Blackhole was the most widely used exploit kit on the market, it has even been used by huge cybercrime groups such as those behind Carberp, ZeroAccess and TDL. Paunch's arrest saw some criminals switching back to older spreading methods such as email spam, whilst others moved over to lesser known exploit kits. Paunch also maintained a second exploit kit known as "Cool EK", which was a $10,000 month pack that included newer exploits and sometimes even 0-days. 

On December the 5th Microsoft coordinated an attack against 18 IP addresses used by the ZeroAccess botnet. The attack was another of Microsoft's "look at how powerful we are" publicity stunts, the targeted IP addresses were C&C servers associated with the click-fraud component and not the actual bot. Due to the fact the actual botnet is peer-to-peer the attack has little effect and cannot actually take down the network, however it did lead to the botmasters sending a command containing the text "WHITE FLAG" and ceasing click-fraud. It's important to note that the botnet is still alive and can send out new commands at any time, only it is not performing click-fraud anymore. 

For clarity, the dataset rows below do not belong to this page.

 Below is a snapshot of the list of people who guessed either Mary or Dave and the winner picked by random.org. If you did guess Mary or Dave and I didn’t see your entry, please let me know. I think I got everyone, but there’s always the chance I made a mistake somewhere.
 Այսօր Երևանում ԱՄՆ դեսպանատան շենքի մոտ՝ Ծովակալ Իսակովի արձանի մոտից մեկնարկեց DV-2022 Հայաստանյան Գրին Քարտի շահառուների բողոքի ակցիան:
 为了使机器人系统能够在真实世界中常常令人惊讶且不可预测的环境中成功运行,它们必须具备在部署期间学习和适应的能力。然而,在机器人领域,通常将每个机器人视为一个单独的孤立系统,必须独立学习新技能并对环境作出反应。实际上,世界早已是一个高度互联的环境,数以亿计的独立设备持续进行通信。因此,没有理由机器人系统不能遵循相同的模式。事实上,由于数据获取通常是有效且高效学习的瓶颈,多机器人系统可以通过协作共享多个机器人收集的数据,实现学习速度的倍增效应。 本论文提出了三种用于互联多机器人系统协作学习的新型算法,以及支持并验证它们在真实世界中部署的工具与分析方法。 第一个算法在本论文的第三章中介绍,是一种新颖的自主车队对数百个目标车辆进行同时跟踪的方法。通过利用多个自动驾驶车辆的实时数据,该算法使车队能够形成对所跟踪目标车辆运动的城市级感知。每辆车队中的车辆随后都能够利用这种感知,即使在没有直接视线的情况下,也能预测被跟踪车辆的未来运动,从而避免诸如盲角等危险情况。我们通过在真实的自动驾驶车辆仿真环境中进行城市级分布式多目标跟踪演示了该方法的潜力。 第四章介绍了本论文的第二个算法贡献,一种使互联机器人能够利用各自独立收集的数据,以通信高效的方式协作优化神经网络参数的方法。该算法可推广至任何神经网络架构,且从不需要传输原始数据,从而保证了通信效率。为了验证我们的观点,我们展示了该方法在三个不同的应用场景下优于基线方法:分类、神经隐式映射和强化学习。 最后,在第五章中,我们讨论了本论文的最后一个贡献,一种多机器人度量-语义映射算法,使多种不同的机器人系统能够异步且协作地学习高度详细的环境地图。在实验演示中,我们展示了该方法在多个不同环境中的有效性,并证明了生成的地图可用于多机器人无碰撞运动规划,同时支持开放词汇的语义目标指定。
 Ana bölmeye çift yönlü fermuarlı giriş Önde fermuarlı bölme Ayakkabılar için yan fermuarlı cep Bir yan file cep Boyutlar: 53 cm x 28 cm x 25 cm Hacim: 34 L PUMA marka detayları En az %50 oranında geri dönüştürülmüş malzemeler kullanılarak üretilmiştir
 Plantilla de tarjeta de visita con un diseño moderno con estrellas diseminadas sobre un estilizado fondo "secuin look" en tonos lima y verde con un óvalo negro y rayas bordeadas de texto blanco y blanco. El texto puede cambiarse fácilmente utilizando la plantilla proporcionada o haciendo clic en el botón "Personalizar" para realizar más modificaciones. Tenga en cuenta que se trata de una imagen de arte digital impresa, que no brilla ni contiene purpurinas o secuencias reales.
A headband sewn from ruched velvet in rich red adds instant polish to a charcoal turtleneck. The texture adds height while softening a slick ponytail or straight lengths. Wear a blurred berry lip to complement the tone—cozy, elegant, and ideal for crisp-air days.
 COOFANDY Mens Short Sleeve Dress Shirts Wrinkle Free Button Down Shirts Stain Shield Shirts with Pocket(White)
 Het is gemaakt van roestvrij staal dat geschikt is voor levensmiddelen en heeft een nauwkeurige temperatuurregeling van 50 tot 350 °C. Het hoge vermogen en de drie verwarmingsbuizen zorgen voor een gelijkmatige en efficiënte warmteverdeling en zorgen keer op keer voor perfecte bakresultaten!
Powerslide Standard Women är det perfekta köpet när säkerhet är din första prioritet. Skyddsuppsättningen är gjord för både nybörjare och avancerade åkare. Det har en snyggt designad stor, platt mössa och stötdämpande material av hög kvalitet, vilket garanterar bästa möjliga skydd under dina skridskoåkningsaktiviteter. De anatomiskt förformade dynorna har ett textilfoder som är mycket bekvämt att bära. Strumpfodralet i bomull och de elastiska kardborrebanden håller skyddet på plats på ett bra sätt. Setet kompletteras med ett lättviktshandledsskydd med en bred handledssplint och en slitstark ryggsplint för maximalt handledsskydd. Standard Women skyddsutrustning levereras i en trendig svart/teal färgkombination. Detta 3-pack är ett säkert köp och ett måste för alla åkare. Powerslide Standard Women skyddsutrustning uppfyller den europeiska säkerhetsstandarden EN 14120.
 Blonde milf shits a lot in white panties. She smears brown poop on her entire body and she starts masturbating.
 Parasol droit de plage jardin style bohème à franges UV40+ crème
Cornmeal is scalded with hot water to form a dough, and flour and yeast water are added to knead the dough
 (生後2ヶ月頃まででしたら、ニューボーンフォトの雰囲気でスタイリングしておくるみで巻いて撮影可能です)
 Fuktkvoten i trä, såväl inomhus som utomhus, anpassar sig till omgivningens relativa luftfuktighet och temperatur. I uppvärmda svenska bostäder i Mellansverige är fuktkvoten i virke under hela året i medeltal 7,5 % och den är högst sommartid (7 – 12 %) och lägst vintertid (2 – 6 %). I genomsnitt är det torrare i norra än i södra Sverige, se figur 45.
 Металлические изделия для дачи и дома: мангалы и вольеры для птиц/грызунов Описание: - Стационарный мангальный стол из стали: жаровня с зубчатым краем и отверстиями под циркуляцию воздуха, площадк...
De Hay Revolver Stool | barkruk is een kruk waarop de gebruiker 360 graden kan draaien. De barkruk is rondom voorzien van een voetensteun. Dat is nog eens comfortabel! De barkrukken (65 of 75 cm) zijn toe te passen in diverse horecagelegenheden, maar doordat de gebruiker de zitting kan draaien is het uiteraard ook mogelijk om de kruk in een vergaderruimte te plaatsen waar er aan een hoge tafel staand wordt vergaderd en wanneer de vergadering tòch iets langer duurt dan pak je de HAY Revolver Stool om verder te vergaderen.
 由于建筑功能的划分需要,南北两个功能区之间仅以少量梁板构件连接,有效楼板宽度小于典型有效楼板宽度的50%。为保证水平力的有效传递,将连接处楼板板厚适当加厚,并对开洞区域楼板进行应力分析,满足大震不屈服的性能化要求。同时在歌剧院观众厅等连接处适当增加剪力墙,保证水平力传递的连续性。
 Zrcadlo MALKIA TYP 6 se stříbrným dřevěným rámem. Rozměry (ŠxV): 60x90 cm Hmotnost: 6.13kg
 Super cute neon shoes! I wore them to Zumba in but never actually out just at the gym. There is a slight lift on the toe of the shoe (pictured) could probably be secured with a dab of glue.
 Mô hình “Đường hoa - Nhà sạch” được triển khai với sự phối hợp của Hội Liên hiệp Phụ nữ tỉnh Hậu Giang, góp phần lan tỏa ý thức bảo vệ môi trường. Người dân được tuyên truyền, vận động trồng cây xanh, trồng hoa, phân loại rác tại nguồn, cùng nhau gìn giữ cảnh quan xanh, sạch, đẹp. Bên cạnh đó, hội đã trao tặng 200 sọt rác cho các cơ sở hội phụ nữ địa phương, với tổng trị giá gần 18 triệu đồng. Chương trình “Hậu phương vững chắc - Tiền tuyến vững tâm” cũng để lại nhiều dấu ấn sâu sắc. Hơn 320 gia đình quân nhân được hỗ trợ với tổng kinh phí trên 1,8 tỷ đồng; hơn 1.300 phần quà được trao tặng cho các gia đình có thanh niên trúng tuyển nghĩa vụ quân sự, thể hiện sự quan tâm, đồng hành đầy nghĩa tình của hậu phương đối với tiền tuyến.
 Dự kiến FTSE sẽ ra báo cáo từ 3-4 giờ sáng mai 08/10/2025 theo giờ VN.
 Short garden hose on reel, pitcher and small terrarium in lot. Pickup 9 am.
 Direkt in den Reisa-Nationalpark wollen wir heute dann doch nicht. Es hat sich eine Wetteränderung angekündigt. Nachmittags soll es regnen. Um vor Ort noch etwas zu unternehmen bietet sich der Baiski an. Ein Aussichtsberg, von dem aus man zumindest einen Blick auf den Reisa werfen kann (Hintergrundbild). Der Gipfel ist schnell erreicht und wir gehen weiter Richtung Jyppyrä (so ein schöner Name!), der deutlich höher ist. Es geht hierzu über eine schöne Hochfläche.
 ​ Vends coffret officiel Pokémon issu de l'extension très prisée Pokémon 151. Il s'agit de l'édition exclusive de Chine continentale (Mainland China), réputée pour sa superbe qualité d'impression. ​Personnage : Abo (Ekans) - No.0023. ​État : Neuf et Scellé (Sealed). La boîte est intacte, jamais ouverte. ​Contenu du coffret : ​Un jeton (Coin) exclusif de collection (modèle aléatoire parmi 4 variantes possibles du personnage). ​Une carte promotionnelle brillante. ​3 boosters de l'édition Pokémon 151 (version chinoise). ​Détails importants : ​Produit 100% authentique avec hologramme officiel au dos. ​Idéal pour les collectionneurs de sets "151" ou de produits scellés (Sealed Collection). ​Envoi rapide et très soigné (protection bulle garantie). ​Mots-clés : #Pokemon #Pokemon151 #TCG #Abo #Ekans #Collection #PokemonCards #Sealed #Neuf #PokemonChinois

Based on the amount of time, cooperation, and effort it takes to acquire warrants for all of the C&C servers, it would seem that someone has too much time on their hands. This isn't the first waste of time operation Microsoft has executed: In 2012 Microsoft filed a lawsuit against a bunch of aliases and email addresses in order to seize domains and servers associated with various Zeus botnets. It takes weeks to obtain a warrant and only a few minutes for a criminal to setup a new server or domain, time could be better spent. 

Rovnix bootkit - Probably some of the most interesting code I've seen: Stores components outside of the filesystem to make them almost invisible, uses custom TCP/IP stack to bypass firewalls, modifies OS image in memory to load unsigned 64-bit drivers, and capable of starting before any antivirus. 

Kins - both blackhats and whitehats alike spent months ranting about the amazing new banking Trojan known as kins, calling it "the new Zeus" and "a professional-grade banking Trojan". Of course it just turned out to be a Zeus modification with some other leaked code copy and pasted in. 

the "Malware Must Die" group - Doing their best to help fight malware in their free time, with limited resources. They were a big part of the Kelihos take-down operation as well as other smaller operation. Keep up the good work!

Trojan7sec - I'm not sure where to start. Claiming to be a security researcher whilst engaging in blackhat activities, attempting to post the personal information of real security researchers, pathological lying with claims of being a millionaire and ex-superhacker, misleading beginners with false information while trying to seem like an expert, insulting and trying to contradict people who do know what they're talking about, the list goes on. He wins lamer of the year by far and probably lamer of century too. 

Cryptolocker - Puts the mal back in malware, seems the common methods of monetizing computers were too mainstream for these guys, so they decided to make money by encrypting people's files then selling them back.